But this does not use both the nodes' data and the edge data (person data and exchange data). They are answering different questions.

Applying K-Means to the node feature data is answering a different question from the community detection algorithm.

  • K-Means, these variables values for each person are not evenly distributed, they are focused into K dense regions where the inbetween regions have sparse samples. So we have types
  • Community detection, ignoring what these people features are, lets group people together on their interactions to see how many groups there are so if people exchange money between themselves they are doing it with focus on a sub-group.

So those questions are independent using clustering and community detection as they use independently collected datasets. The spread sheets do not depend upon each other or does the data. This does not mean that they data has no crossing information. You can have those features affect the edges. So when presenting it, you have 2 separate investigations.

(Another answer above mentions fusion based approaches to analyzing the data with both the node data and edge data together, but it does not appear as if that is your question. are you trying to use both datasets together? If so, the easiest approach is to use an approach with good implementations out there and 'graph neural networks' like the SGC, simple graph convolutional neural network, is a good recommendation, although it sounds intimidating, you'd feed it the adjacency matrix made from the payment network you make and then the node attributes/features. Python's DGL library is great for this. You can do it unsupervised with scaled data if you want.)

Killigrew answered 22/2, 2021 at 16:36 Comment(0)
O
3

Perhaps you might be interested in reading about "Fusion Based Approaches for Community Detection" (https://link.springer.com/chapter/10.1007/978-3-030-44584-3_24). These fusion based methods apparently have been specifically designed to take into consideration node attributes.

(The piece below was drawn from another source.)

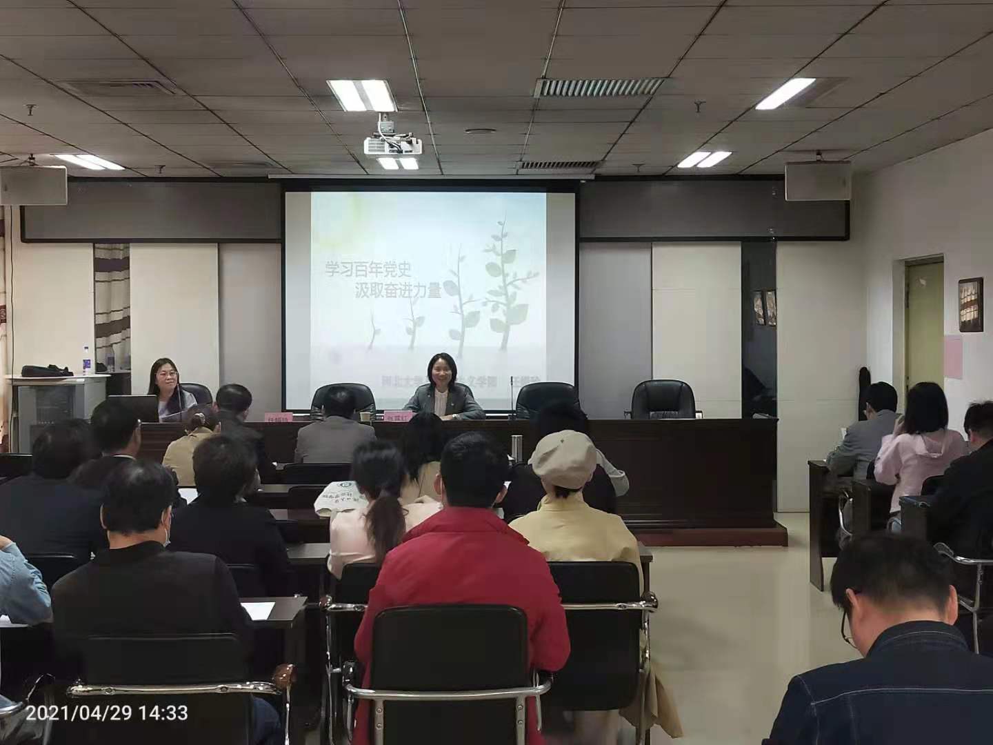 宣讲分为深入学习领会习近平总书记关于党的历史的重要论述,充分认识党史学习教育的重大意义;认真研读党史基本著作,全面了解党的百年光辉历程和历史性贡献;从党史学习中汲取建功立业的强大力量三部分内容。宣讲中,任娟玲教授以详实、生动的史料梳理了党团结带领人民实现了中华民族从站起来,到富起来,再到强起来的伟大飞跃,展现了我党的百年光辉历程。任教授指出,历史是好老师,学好党的历史,是坚持和发展中国特色社会主义、把党和国家各项事业继续推向前进的必修课;历史是营养剂,重温党的历史,才能做到知史爱党、知史爱国、以史鉴今、资政育人,才能传承红色基因,坚定理想信念,践行初心使命。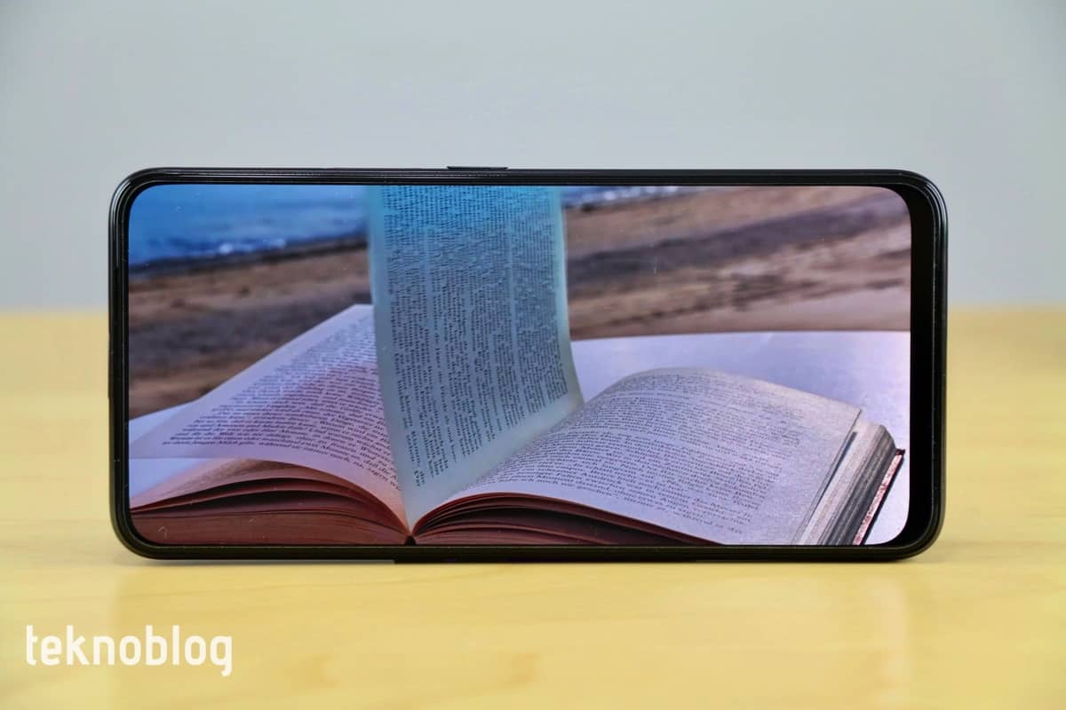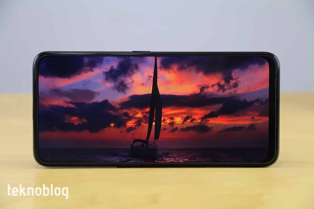 Reno 2Z’nin 6.53 inç ekranı 1080 x 2340 piksel çözünürlüğe sahip. Herhangi bir delik veya çentikle kesintiye uğramıyor ve tam ekran deneyimini sunuyor. 19.5:9 görüntü oranlı ekran özellikle web sitelerinde gezinirken veya oyun oynarken tam ekranın tadını iyi şekilde çıkarmayı sağlıyor. Ancak genellikle 16:9 görüntü oranındaki videoları izlerken genel görünüme bağlı kaldığımızı söylemeliyiz. Eğer sinema filmleri izliyorsanız, bunlar genel olarak 21:9 görüntü oranında olduğu için tadını daha iyi şekilde çıkarabilirsiniz. 395 ppi piksel yoğunluğuna sahip. Ekrana baktığımızda yazıların ve grafiklerin yeteri kadar keskin olduğunu görüyoruz. Bu açıdan herhangi bir sıkıntı hissetmedik.

This might be able to help as well: https://www.nature.com/articles/srep30750

Olympian answered 27/11, 2020 at 20:8 Comment(0)
N
1

I am trying to better understand what type of situations require network based clustering

This is completely dependent on your problem domain and the questions you are asking. You really need to have focused questions about the data that you are trying to answer. That being said, there is an set of clustering techniques you can apply that can use both edge weights and node attributes: Hierarchical Clustering.

Edge and node attributes come into play in how you determine the similarity/dissimilarity matrix which drives the clustering. Note that there are many, many implementations of this, take your time and find one that you can apply to your data and problem set.

Navar answered 27/11, 2020 at 15:29 Comment(0)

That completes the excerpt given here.